Let $\mathbf{E}$ be a real banach space and $\mathbf{L} = L(\mathbf{E})$ the resultant banach space of bounded linear operators $T:\mathbf{E} \to \mathbf{E}$ equipped with the operator norm $\| T \| = \sup_{\| x \| \leqslant 1 } \|Tx\|$.
From https://en.wikipedia.org/wiki/Neumann_series I can see why the subset $\Omega \subset \mathbf{L}$ consisting of all invertible operators is an open set of $\mathbf{L}$. Moreover, from the accepted answer to differential inverse matrix I can see why the map $\Phi: \Omega \mapsto \mathbf{L} \, \,; \,\, T \mapsto T^{-1}$ is frechet differentiable, and specifically $D\Phi(T)S = -T^{-1} S T^{-1}$.
How do I use this knowledge to prove the stronger result that $\Phi$ is smooth?
Regarding finite dimensional spaces $\mathbf{E}$, this question has been asked before on stackexchange, but the answers almost always employ Cramer's rule for matrices and partial derivatives as ratios of smooth functions. I am not assuming $\mathbf{E}$ is finite dimensional, so Cramer's rule doesn't apply. I'm trying to find an answer that doesn't deal with partial derivatives at all.
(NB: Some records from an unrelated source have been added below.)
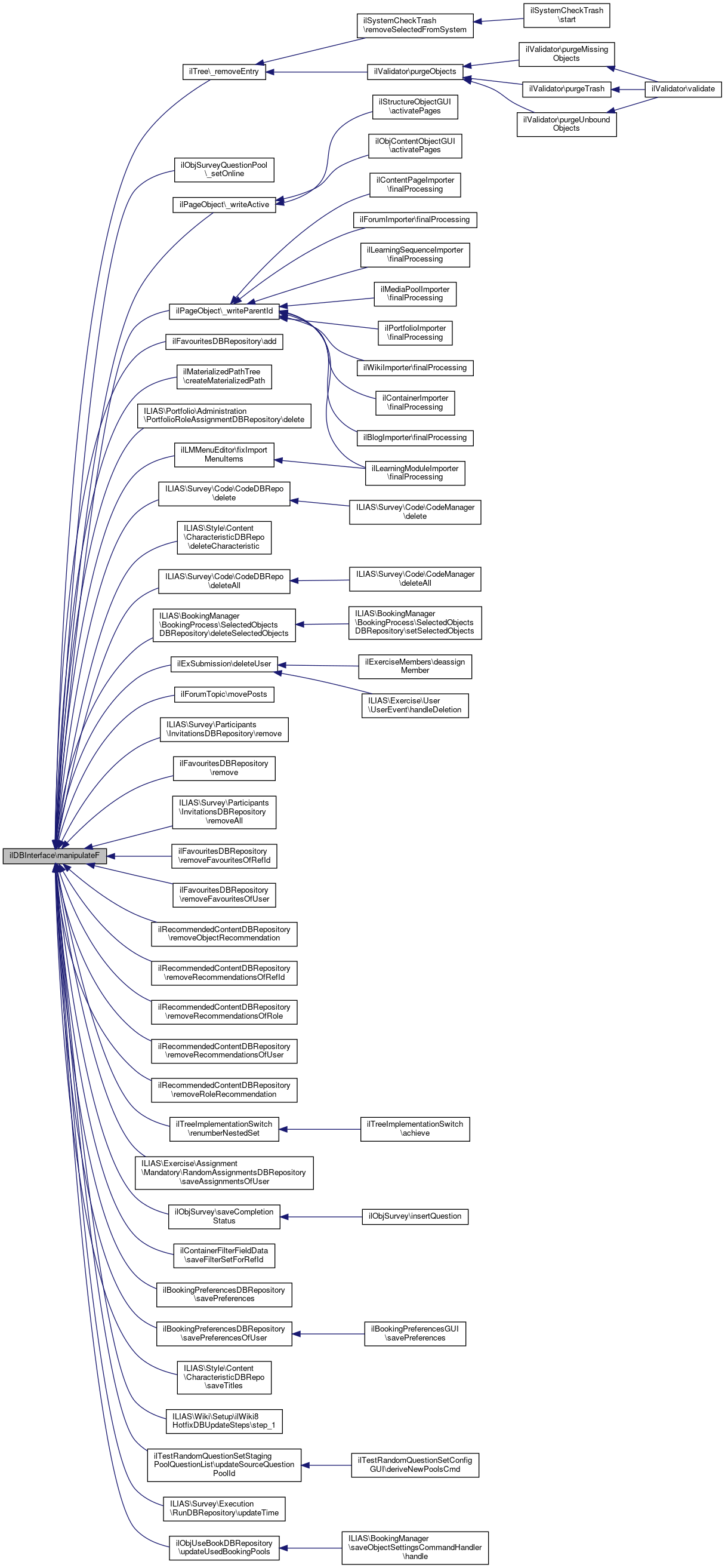 Referenced by ilTree\_removeEntry(), ilObjSurveyQuestionPool\_setOnline(), ilPageObject\_writeActive(), ilPageObject\_writeParentId(), ilFavouritesDBRepository\add(), ilMaterializedPathTree\createMaterializedPath(), ILIAS\Portfolio\Administration\PortfolioRoleAssignmentDBRepository\delete(), ILIAS\Survey\Code\CodeDBRepo\delete(), ILIAS\Survey\Code\CodeDBRepo\deleteAll(), ILIAS\Style\Content\CharacteristicDBRepo\deleteCharacteristic(), ILIAS\BookingManager\BookingProcess\SelectedObjectsDBRepository\deleteSelectedObjects(), ilExSubmission\deleteUser(), ilLMMenuEditor\fixImportMenuItems(), ilForumTopic\movePosts(), ILIAS\Survey\Participants\InvitationsDBRepository\remove(), ilFavouritesDBRepository\remove(), ILIAS\Survey\Participants\InvitationsDBRepository\removeAll(), ilFavouritesDBRepository\removeFavouritesOfRefId(), ilFavouritesDBRepository\removeFavouritesOfUser(), ilRecommendedContentDBRepository\removeObjectRecommendation(), ilRecommendedContentDBRepository\removeRecommendationsOfRefId(), ilRecommendedContentDBRepository\removeRecommendationsOfRole(), ilRecommendedContentDBRepository\removeRecommendationsOfUser(), ilRecommendedContentDBRepository\removeRoleRecommendation(), ilTreeImplementationSwitch\renumberNestedSet(), ILIAS\Exercise\Assignment\Mandatory\RandomAssignmentsDBRepository\saveAssignmentsOfUser(), ilObjSurvey\saveCompletionStatus(), ilContainerFilterFieldData\saveFilterSetForRefId(), ilBookingPreferencesDBRepository\savePreferences(), ilBookingPreferencesDBRepository\savePreferencesOfUser(), ILIAS\Style\Content\CharacteristicDBRepo\saveTitles(), ILIAS\Wiki\Setup\ilWiki8HotfixDBUpdateSteps\step_1(), ilTestRandomQuestionSetStagingPoolQuestionList\updateSourceQuestionPoolId(), ILIAS\Survey\Execution\RunDBRepository\updateTime(), and ilObjUseBookDBRepository\updateUsedBookingPools().
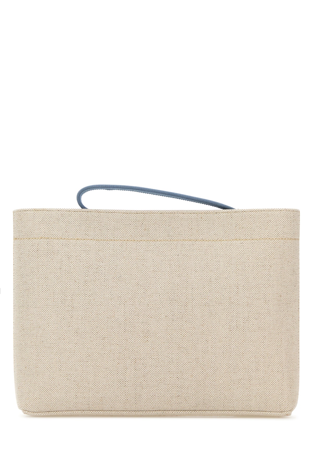 Clutch realizzata in tela di cotone e lino caratterizzata da stampa logata sulla parte frontale.
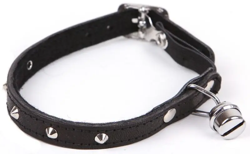 Katthalsband i klassisk design till din katt, svart läderhalsband med dekornitar. Halsbandet har en töjbar resårdel så att katten ska kunna komma ur halsbandet om den fastnar. Katthalsbandet har även en pingla som självklart går att knipsa bort om man vill - för kattens skull.
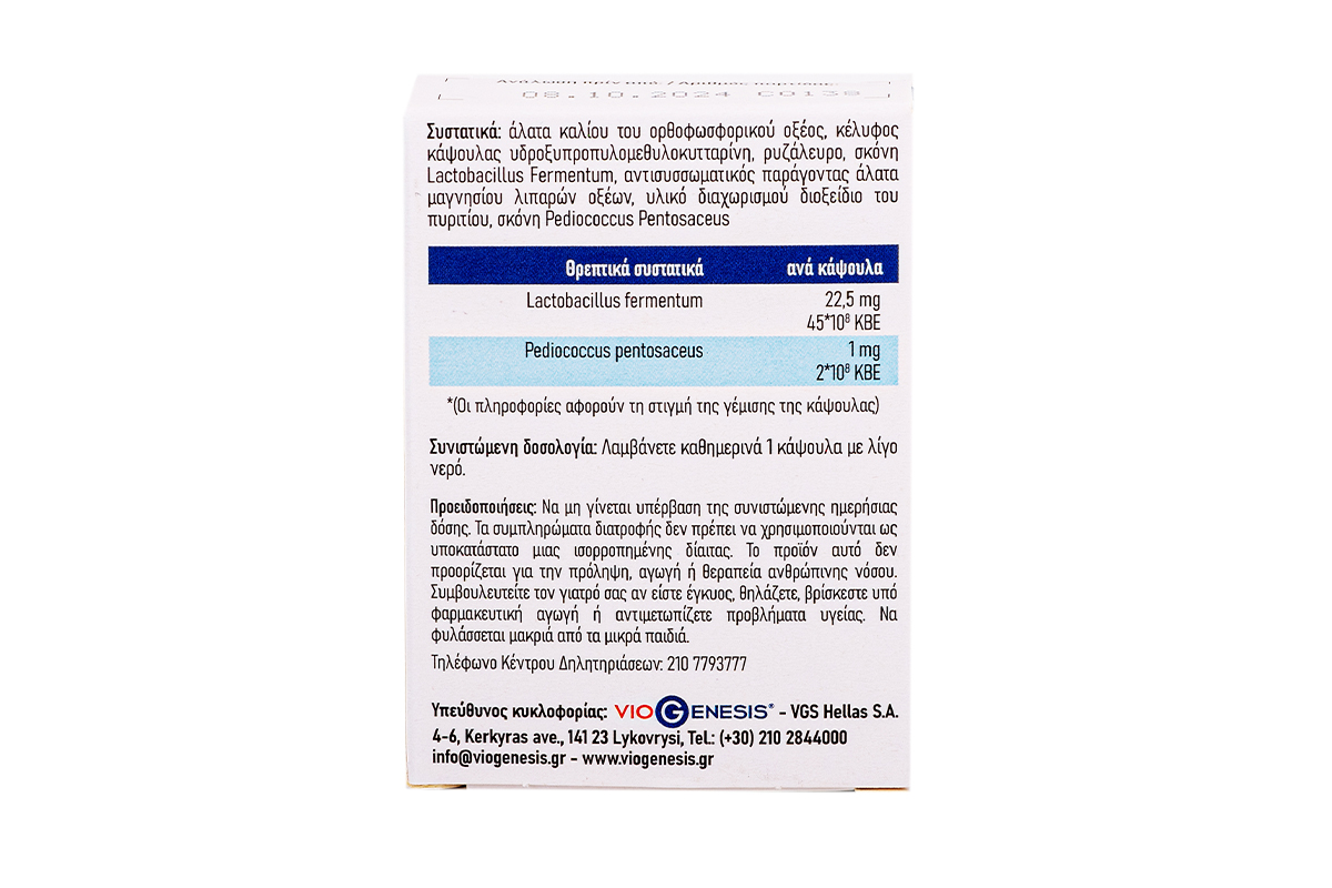 Βασικά συστατικά: σκόνη Lactobacillus Fermentum, σκόνη Pediococcus Pentosaceus.
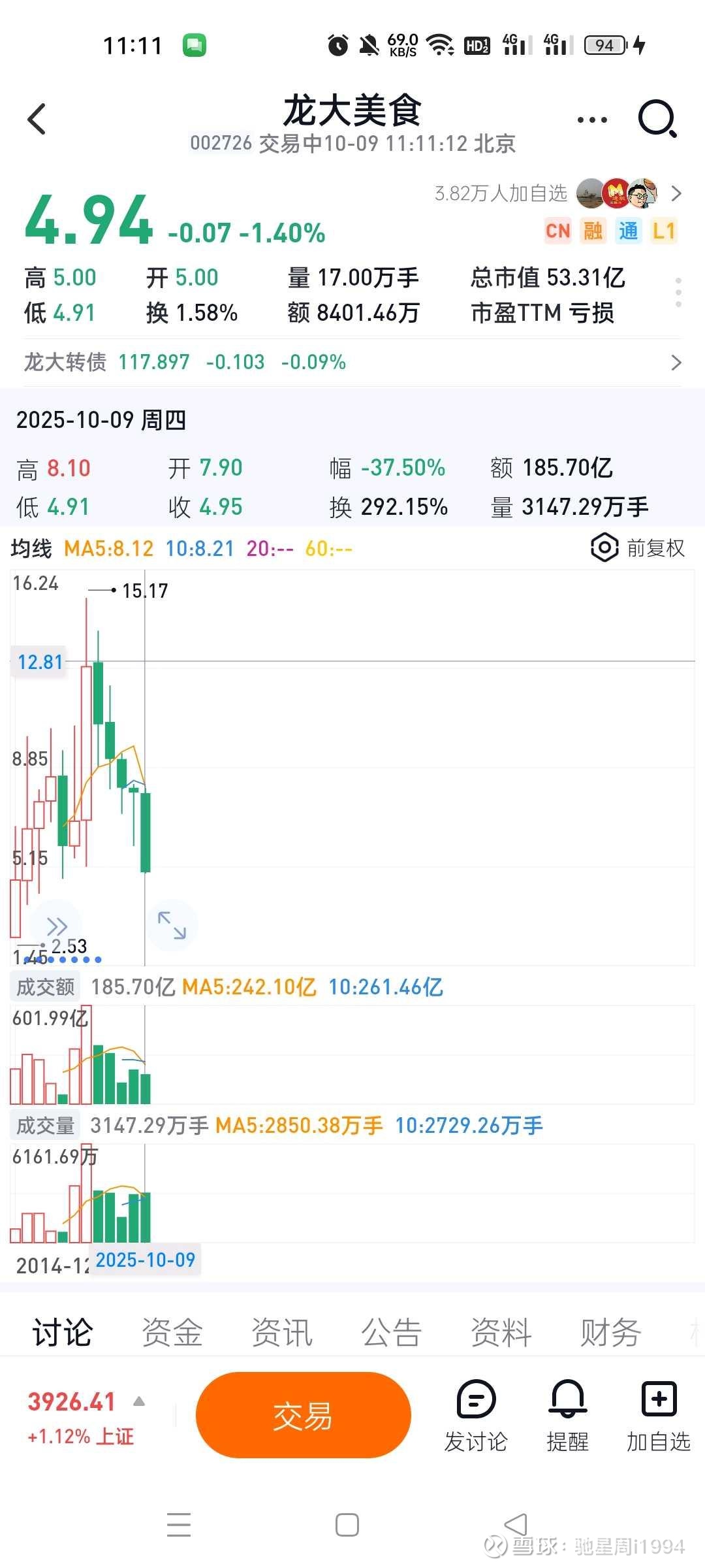 这两个需要化债的公司,都是挖坑后,放量+反弹。不过灵康药业反弹的有点猛,昨天是最后的加仓机会了。龙大美食还在底部趴着,放出大量,我进了。
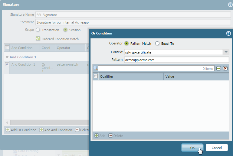 Define the criteria that the firewall will use to match the traffic to the new application.You will use the information you gathered from the packet captures to specify unique string context values that the firewall can use to match patterns in the application traffic.- On the Signatures tab, click Add and define a Signature Name and optionally a Comment to provide information about how you intend to use this signature.Specify the Scope of the signature: whether it matches to a full Session or a single Transaction.Specify conditions to define signatures by clicking Add And Condition or Add Or Condition.Select an Operator to define the type of match conditions you will use: Pattern Match or Equal To.

As seen from your link to the Neumann series, the inversion map $\Phi$ can be given by a power series at $T$ as: $$ \Phi(T+S) = \sum_{n \ge 0} (-T^{-1} S)^n T^{-1}. $$ This power series has radius of convergence $\rho = \frac{1}{\|T^{-1}\|}>0$, so it absolutely converges inside that, and hence $\Phi$ is analytic.